I want to study the law and become a lawyer, but I do not want to study the law just
because I want to become a lawyer. I am aware that the law and economics cannot
always be studied in conjunction, but I do not feel that either one can be properly
studied without an awareness of the other. I recognize there is more to the law than
efficiency, but believe the law should recognize the importance of efficiency more
than it does. I love reading about law and philosophy, but not nearly as much as I
love having a good conversation about the two. I know that logic makes an
argument sound, but also know that passion makes an argument sound logical. I
have philosophical beliefs informed by economics and economic beliefs informed by
philosophy, but I have lost track of which beliefs came first. I know it was the egg
though.

I always think very practically, but do not always like to think about the practical. I
have wanted to be a scientist for a while now, but it took me two undergraduate
years to figure out that being a scientist does not necessarily entail working in a
laboratory. I play the saxophone almost every day, but feel most like an artist when
deduction is my instrument. I spent one year at a college where I did not belong and
two years taking classes irrelevant for my major, but I have no regrets about my
undergraduate experience. I am incredibly passionate about my interests, but
cannot imagine being interested in only one passion for an entire lifetime.

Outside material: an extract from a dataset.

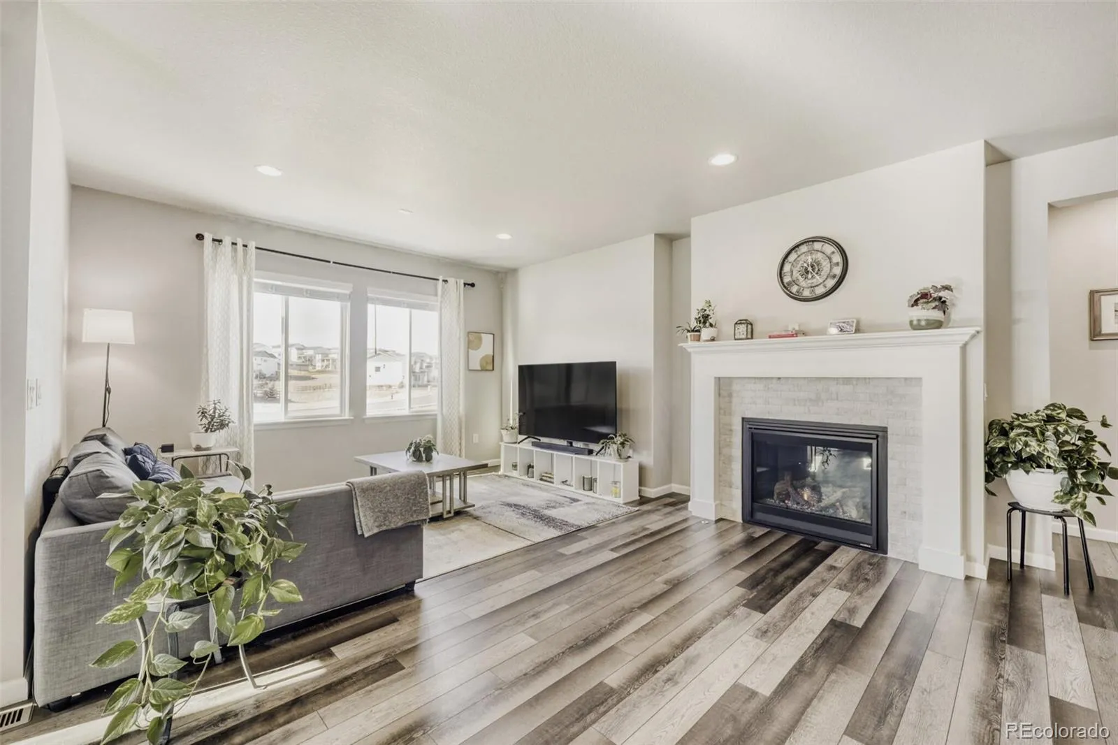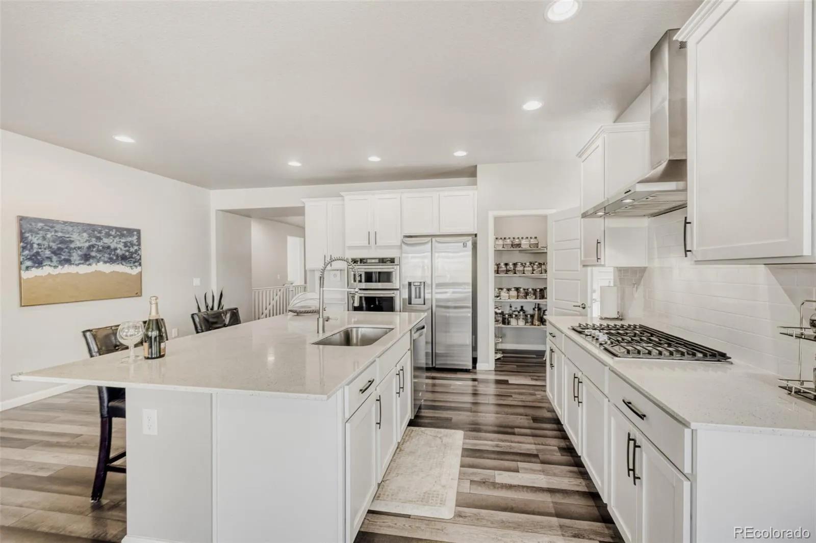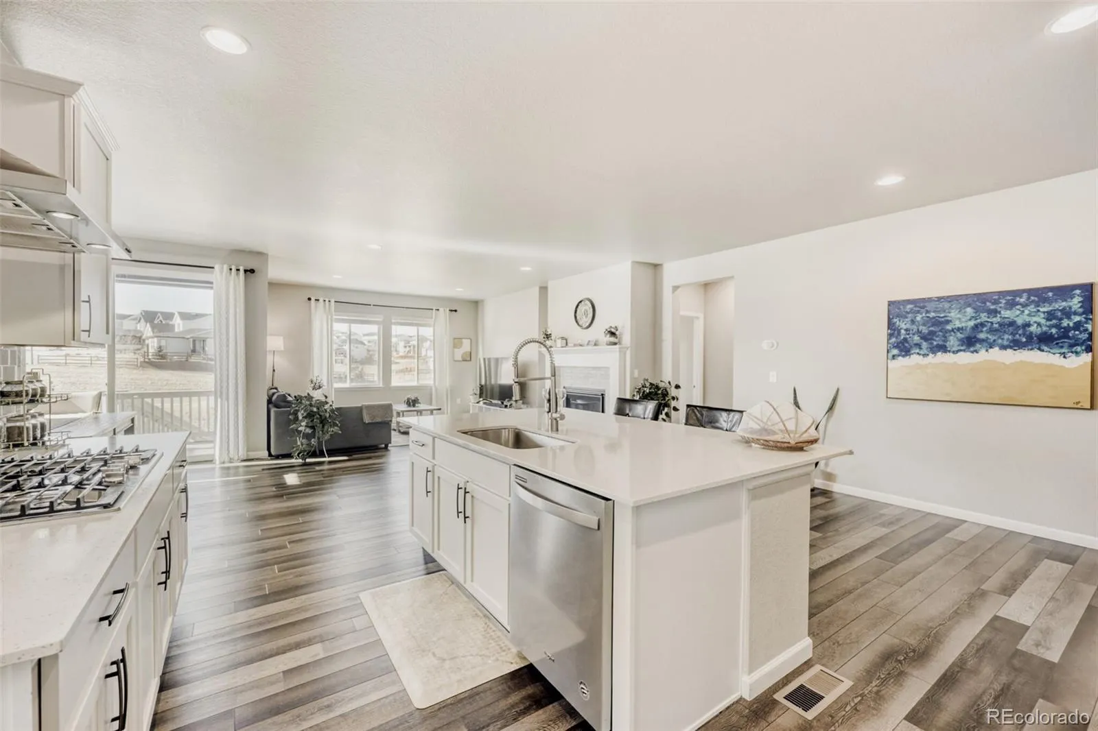 The chef’s kitchen features crisp white cabinetry, quartz countertops, stainless steel appliances—including a gas cooktop and range hood—and a large center island perfect for gathering and entertaining. The spacious family room is anchored by a cozy fireplace, creating an inviting space to relax.

I love the Yankees, but do not hate the Red Sox. I love sports, but hate the
accompanying anti-intellectual culture. I may read the newspaper starting from the
back, but I always make my way to the front eventually. I am liberal on some issues
and conservative on others, but reasonable about all of them. I will always be
politically active, but will never be a political activist. I think everything through
completely, but I am never through thinking about anything.

I can get along with almost anyone, but there are very few people without whom I
could not get along. I am giving of my time, but not to the point of forgetting its
value. I live for each moment, but not as much as I worry about the next. I consider
ambition to be of the utmost importance, but realize that it is useless without the
support of hard work. I am a very competitive person, but only when competing
with myself. I have a million dreams, but I am more than just a dreamer. I am usually
content, but never satisfied.

I am a study in contradiction, but there is not an inconsistency to be found.